2013 helicopter accident

On 2 July 2013, Polar Airlines Flight 9949, a Mil Mi-8 helicopter operated by Polar Airlines crashed near Deputatsky, an urban locality of Ust-Yansky District in the Sakha Republic, Russia, with 25 passengers (including 11 children) and three crew members on board. According to a Ministry of Emergency Situations spokesman, 24 people died in the crash; the three crew members and a child survived. Early reports suggested that the pilot lost control of the helicopter due to strong winds. The crash was investigated by the Interstate Aviation Committee.

==Accident==
At 10:00 PM local time, the flight crew underwent a pre-flight medical exam at the local hospital in the village of Deputatsky, with no health concerns noted the crew were cleared to operate the flight, which was scheduled for 11:00 PM local time. The flight mechanic refueled the helicopter with 2800 liters of ice resistant fuel. At 10:30 PM, the pilots received the meteorological forecast for the route, seeing no concerns he signed it off.
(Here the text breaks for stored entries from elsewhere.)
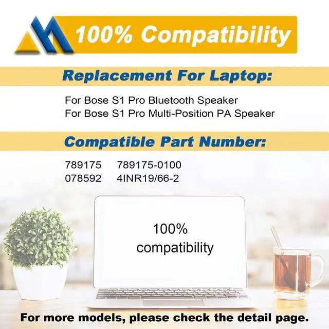 Battery type: Li-ion. (We only use grade A battery cells that provide up to 500 recharge cycles over the life of the battery. Come with screwdrivers. ) ^^ Compatible Part NumberFit for 789175 789175-0100 078592 ^^ Replacement For LaptopFor Bose s1 pro ^^ SecurityAll Mobik products are certified by UL / CE / FCC / RoHS for safety. Were so confident in the performance of our replacement laptop batteries, strict guidelines for compatibility, strict quality control standards and standards compliance for environment safety. (including short circuit, overheat, and overload protections. ) ^^ TipsIf the new battery is not recognized during the initial installation, please reinstall and check if the interface is fully connected. Discharge the new battery to 5% (not 0%), then charge and cycle 3-4 times to wake up the new battery.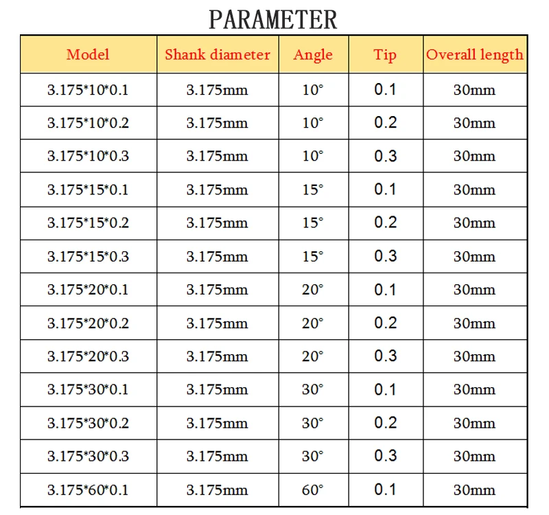 Модель: 3.175X20 ° x0.1ммПлоские острые режущие инструменты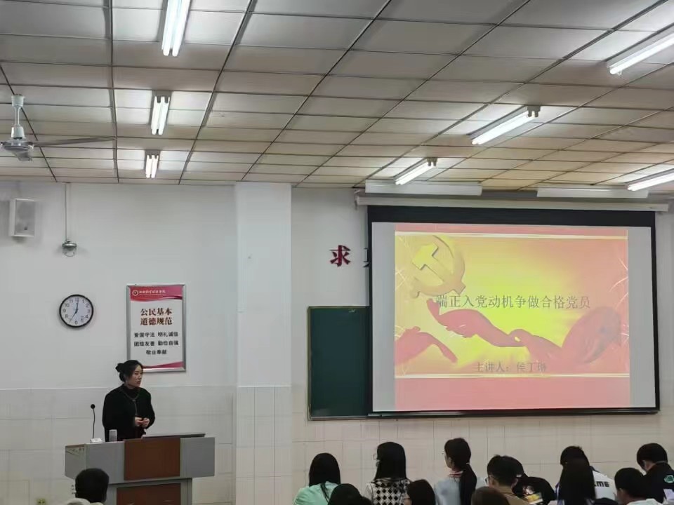 为严格党员发展工作程序,提升入党积极分子们的思想觉悟和理论素养,3月31日晚,今年会jinnianhuicom2023年第一期入党积极分子培训班第六讲《端正入党动机 争做合格党员》专题党课在英才校区W210教室举行。本次党课由学院团委副书记、学生第一党支部书记侯丁琳主讲。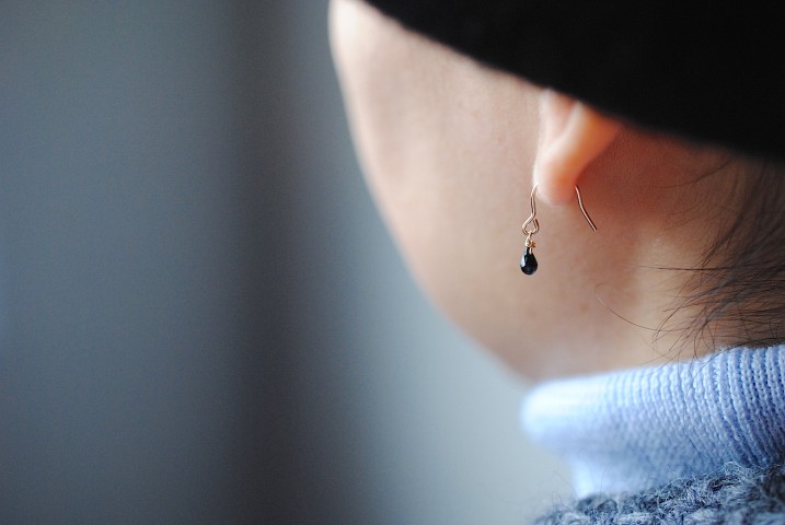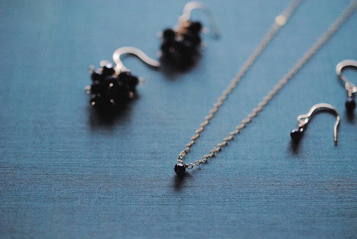まずはブラックスピネル、雫型のピアスから。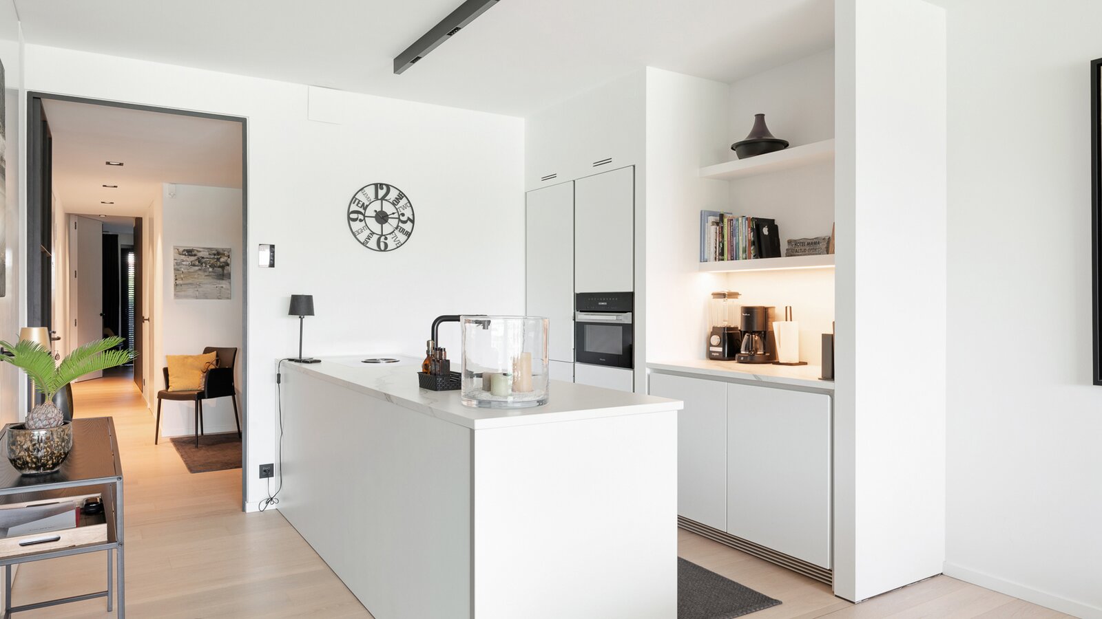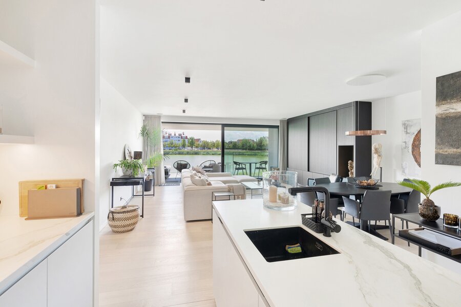 Vanuit de royale leefruimte met gezellige eethoek en groot salon kijkt u uit over het water. De volledig uitgeruste open keuken, voorzien van hoogwaardige apparatuur sluit hierop naadloos aan.

At 11:38 PM, the Pilot in Command requested to take-off using Visual flight rules, and to start their engines, they received confirmation for both. At 11:51 PM, flight 9949 received take-off clearance 51 minutes past the scheduled departure time, soon after the flight lifted off making a right hand turn. At 11:58:46 PM, the flight crew reported their status to the dispatch office, this was the last radio communication from flight 9949.

At 12:13 AM, the helicopter crashed into an elevated outcropping, completely destroying the aircraft. At 12:34, the PIC using a satellite phone called to report the crash, and that there were some survivors but many more fatalities. In total all 3 crew members and 1 passenger survived the crash.